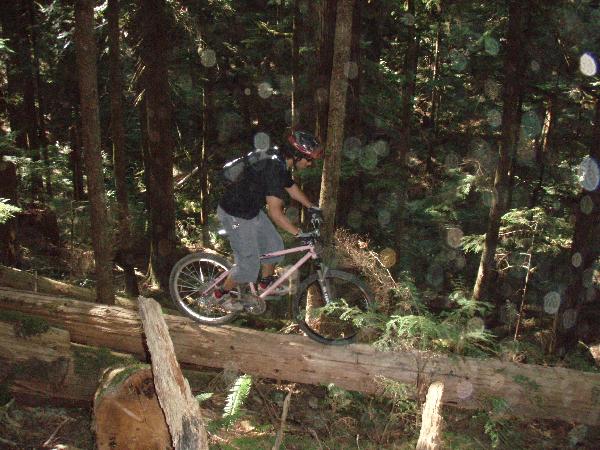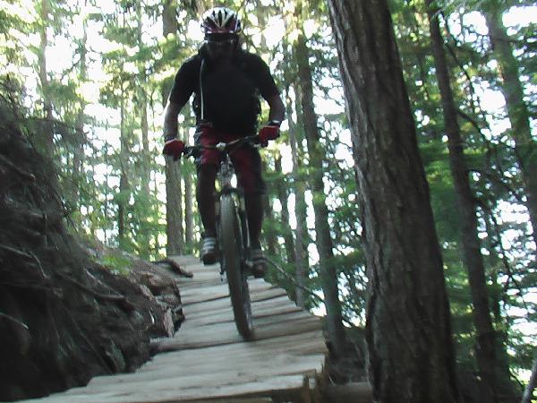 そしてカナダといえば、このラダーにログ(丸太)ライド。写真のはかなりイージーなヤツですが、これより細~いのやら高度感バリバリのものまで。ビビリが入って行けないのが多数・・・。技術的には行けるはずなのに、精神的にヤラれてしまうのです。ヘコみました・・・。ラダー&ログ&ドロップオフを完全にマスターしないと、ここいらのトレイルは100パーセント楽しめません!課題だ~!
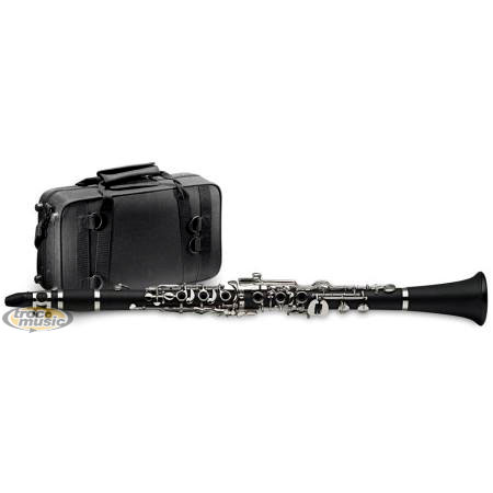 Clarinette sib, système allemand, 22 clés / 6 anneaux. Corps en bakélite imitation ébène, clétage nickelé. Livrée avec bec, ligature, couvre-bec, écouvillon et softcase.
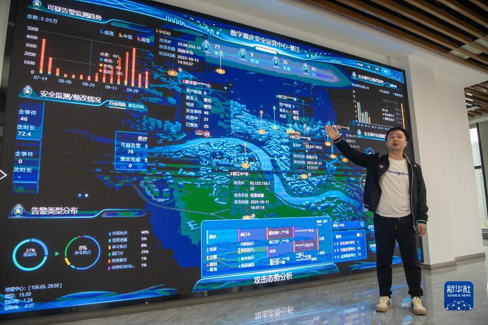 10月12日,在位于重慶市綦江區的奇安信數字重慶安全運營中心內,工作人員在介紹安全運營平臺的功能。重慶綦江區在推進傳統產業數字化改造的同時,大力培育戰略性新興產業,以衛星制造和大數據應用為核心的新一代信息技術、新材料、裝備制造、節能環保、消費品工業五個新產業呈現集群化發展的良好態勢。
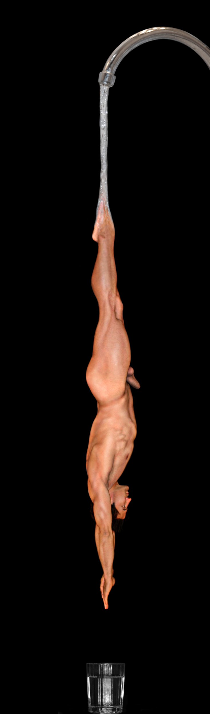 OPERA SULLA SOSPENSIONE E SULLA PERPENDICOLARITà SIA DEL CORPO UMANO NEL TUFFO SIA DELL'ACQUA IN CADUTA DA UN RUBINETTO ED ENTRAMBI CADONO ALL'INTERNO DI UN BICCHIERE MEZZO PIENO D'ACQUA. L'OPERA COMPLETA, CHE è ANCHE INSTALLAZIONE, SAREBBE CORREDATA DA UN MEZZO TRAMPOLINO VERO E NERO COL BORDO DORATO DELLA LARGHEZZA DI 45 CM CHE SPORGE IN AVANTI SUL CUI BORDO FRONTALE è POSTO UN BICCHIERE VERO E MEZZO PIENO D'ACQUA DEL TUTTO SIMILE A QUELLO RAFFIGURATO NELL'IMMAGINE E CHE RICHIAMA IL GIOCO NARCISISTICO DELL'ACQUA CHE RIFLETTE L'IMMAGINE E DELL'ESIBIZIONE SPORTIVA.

--------

(EXERCISE OBJECTIVE) Return the whole listing word for word. Pictures stay out of it.

(ANSWER TO THE PROBLEM)
 そしてカナダといえば、このラダーにログ(丸太)ライド。写真のはかなりイージーなヤツですが、これより細~いのやら高度感バリバリのものまで。ビビリが入って行けないのが多数・・・。技術的には行けるはずなのに、精神的にヤラれてしまうのです。ヘコみました・・・。ラダー&ログ&ドロップオフを完全にマスターしないと、ここいらのトレイルは100パーセント楽しめません!課題だ~!
 Clarinette sib, système allemand, 22 clés / 6 anneaux. Corps en bakélite imitation ébène, clétage nickelé. Livrée avec bec, ligature, couvre-bec, écouvillon et softcase.
 10月12日,在位于重慶市綦江區的奇安信數字重慶安全運營中心內,工作人員在介紹安全運營平臺的功能。重慶綦江區在推進傳統產業數字化改造的同時,大力培育戰略性新興產業,以衛星制造和大數據應用為核心的新一代信息技術、新材料、裝備制造、節能環保、消費品工業五個新產業呈現集群化發展的良好態勢。
 OPERA SULLA SOSPENSIONE E SULLA PERPENDICOLARITà SIA DEL CORPO UMANO NEL TUFFO SIA DELL'ACQUA IN CADUTA DA UN RUBINETTO ED ENTRAMBI CADONO ALL'INTERNO DI UN BICCHIERE MEZZO PIENO D'ACQUA. L'OPERA COMPLETA, CHE è ANCHE INSTALLAZIONE, SAREBBE CORREDATA DA UN MEZZO TRAMPOLINO VERO E NERO COL BORDO DORATO DELLA LARGHEZZA DI 45 CM CHE SPORGE IN AVANTI SUL CUI BORDO FRONTALE è POSTO UN BICCHIERE VERO E MEZZO PIENO D'ACQUA DEL TUTTO SIMILE A QUELLO RAFFIGURATO NELL'IMMAGINE E CHE RICHIAMA IL GIOCO NARCISISTICO DELL'ACQUA CHE RIFLETTE L'IMMAGINE E DELL'ESIBIZIONE SPORTIVA.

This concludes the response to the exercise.